Небиотинилированную цепь элюировали добавлением к магнитным частицам 20% раствора гидроксида аммония, инкубировали 2 мин, затем частицы отделяли на магнитном сепараторе, а элюат переносили в чистую пробирку, где к нему добавляли 5 объемов спиртового раствора ацетата аммония, содержащего 0,125 М ацетата аммония и 70% этанола. Одноцепочечную Небиотинилированную ДНК осаждали цетрифугированием (16000 g, 2 мин). Осадок промывали раствором ацетата аммония и высушивали на воздухе. К высушенному осадку добавляли 20 мкл деионизованной воды (MQ-H₂O) и определяли концентрацию ДНК на спектрофотометре NanoDrop 1000.

Магнитные частицы с биотинилированной цепью промывали 20% гидроксидом аммония 1 мин при комнатной температуре, затем супернатант удаляли, а частицы инкубировались с 50 мкл 30% гидроксида аммония при 60°С при эпизодическом ручном перемешивании в течение 8 мин. Элюат переносили в чистую пробирку, где переосаждали биотинилированную цепь добавлением 5 объемов спиртового раствора ацетата аммония, содержащего 0,125 М ацетата аммония и 70% этанола. Осадок промывали ацетатом аммония и высушивали на воздухе. К высушенному осадку добавляли 20 мкл деионизованной (MQ) Н₂О и определяли концентрацию ДНК на спектрофотометре NanoDrop 1000.

Эффективность реакции элонгации определяли электрофоретическим методом (Фиг. 4а).

Пример 21. Разделение цепей с использованием λ-экзонуклеазы.

Для определения эффективности метода разделения цепей ДНК, содержащей 2'-деоксиуридин-5'-трифосфат общих формул (А) и (В), с помощью магнитных частиц со стрептавидином, в качестве референс-метода использовали получение одноцепочечной ДНК с помощью экзонуклеазы фага λ (лямбда), или λ-экзонуклеазы (лямбда-экзонуклеазы).

Высокопроцессивная 5'→3'-экзодезоксирибонуклеаза фага λ селективно гидролизует 5'-фосфорилированную цепь ДНК. Фосфорилирование проводили с помощью Т4-полинуклеотидкиназы, которая катализирует перенос гамма-фосфата с АТР на 5'-концевую гидроксильную группу ДНК (перенос фосфата из АТФ на ОН^- с образованием АДФ).

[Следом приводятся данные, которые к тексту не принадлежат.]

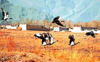 A flock of black-necked cranes having returned from India fly over a remote county in Tibet Autonomous Region, home to this crane species.
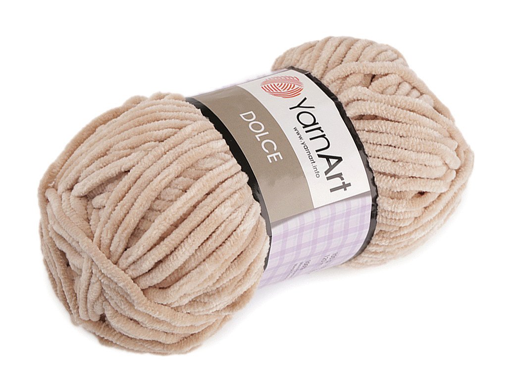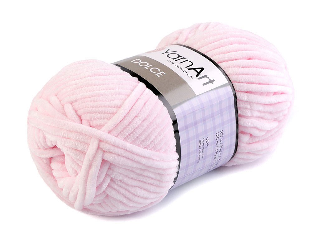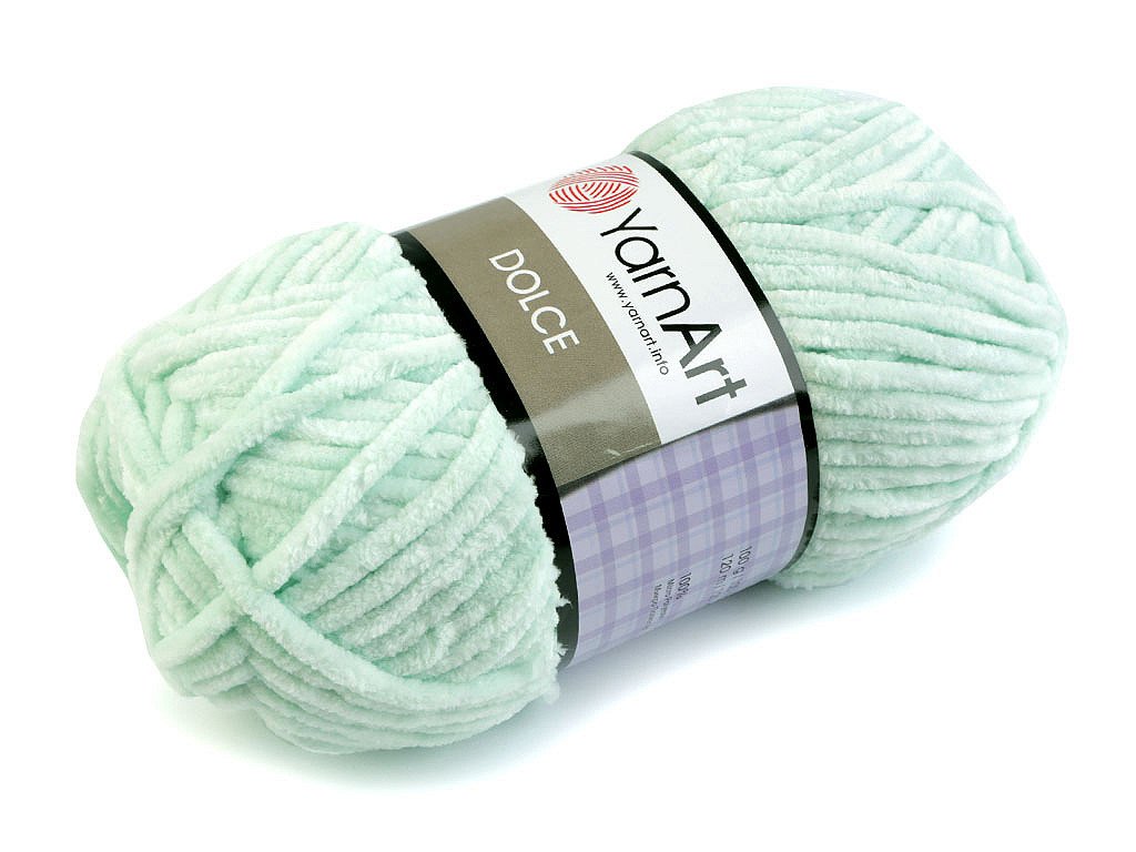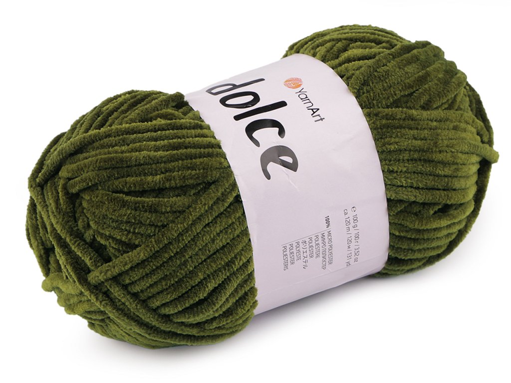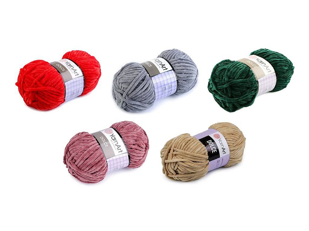 Žinylková příze Dolce je tak měkká a hebká, že se do ní zamilujete na první dotek. Navíc je velice lehká. Přízi využijete na pletení svetrů, šálů, čepic, ponožek apod. Velikost jehlic: 4,5 Velikost háčku: 6,5 Údaje o spotřebě příze najdete na poslední fotografii. Odstíny barev se mohou lehce lišit z důvodu různých výrobních šarží. Vzorek na fotografii (40 x 32 cm) byl uháčkován z 1 klubíčka, háčkem č. 6,5.- Průměr: 6 mm
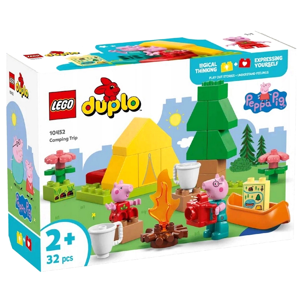 Malí stavitelé se vydají na dobrodružství s prasátkem Peppou se stavebnicí LEGO® DUPLO® (10452) Táboření. Malé děti můžou prostřednictvím kreativního hraní pozorovat, jak se cítí při zážitcích, které zažívají poprvé během hry na táboření s prasátkem Peppou a tatíkem, a pak usednou do kánoe a prozkoumají řeku.
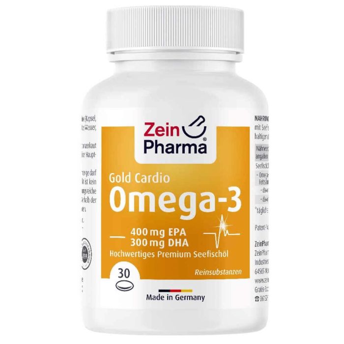 Cardio Omega-3 При висок холестерол 30 капсули представлява хранителна добавка разработена специално за здравето на сърцето. Съдържа висококачествено рибено масло от диви риби от Тихия океан, чисто от тежки метали, живак, антибиотици и др. замърсители. Добавката е комбинация от висока доза ЕРА и DHA в оптимално съотношение – 400 mg ЕРА и 300 mg DHA. Те помагат за поддържане на нормалната клетъчна и сърдечна функция и имат важно значение за работата на мозъка и за доброто зрение. Подсилват естествените защитни сили на организма и допринасят за регулиране на кръвното налягане и сърдечния ритъм, като оптимизират нивото на холестерол и триглицериди в кръвта. Употребата на Кардио Омега-3 при висок холестерол 30 капсули намалява риска от поява и развитие на сърдечно-съдови заболявания. Отличителна черта на продукта са високата концентрация и чистота на рибеното масло, което се добива и пречиства по специална патентована технология.

Реакционная смесь содержала ДНК, 10Х реакционный буфер для Т4-полинуклеотидкиназы АТФ 10 mM (ATP SIGMA disodium salt FW 551, 1) и деионизированную воду. Инкубацию проводили в течение 20 мин. при температуре 37°С, используя РТС-100 Programmable Thermal Controller, дезактивация фермента - 75°С, 10 мин.

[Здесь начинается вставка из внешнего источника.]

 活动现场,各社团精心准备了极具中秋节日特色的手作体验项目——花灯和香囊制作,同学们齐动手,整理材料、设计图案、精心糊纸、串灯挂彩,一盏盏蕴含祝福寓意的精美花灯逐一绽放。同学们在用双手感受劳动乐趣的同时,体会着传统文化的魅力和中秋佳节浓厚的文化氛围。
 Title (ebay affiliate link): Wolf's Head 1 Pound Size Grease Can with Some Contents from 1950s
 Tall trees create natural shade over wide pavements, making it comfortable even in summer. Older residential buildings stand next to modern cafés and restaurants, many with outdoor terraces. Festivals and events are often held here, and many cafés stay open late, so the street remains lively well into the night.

Используя пробирку после реакции фосфорилирования ДНК с помощью Т4-полинуклеотидкиназы была приготовлена еще одну пробирка, содержащая фосфорилированную, λ-экзонуклеазу (Lambda Exonuclease 10 U/ μL, «ThermoScientific», USA) и 10Х буфер для фермента (10х Reaction Buffer Lambda Exonuclease «Thermo Scientific», USA). Инкубация проводились в течение 30 мин. при температуре 37°С, используя РТС-100 Programmable Thermal Controller, дезактивация фермента -80°С, 10 мин. Эффективность разделения цепей определяли электрофоретическим методом (Фиг. 4б).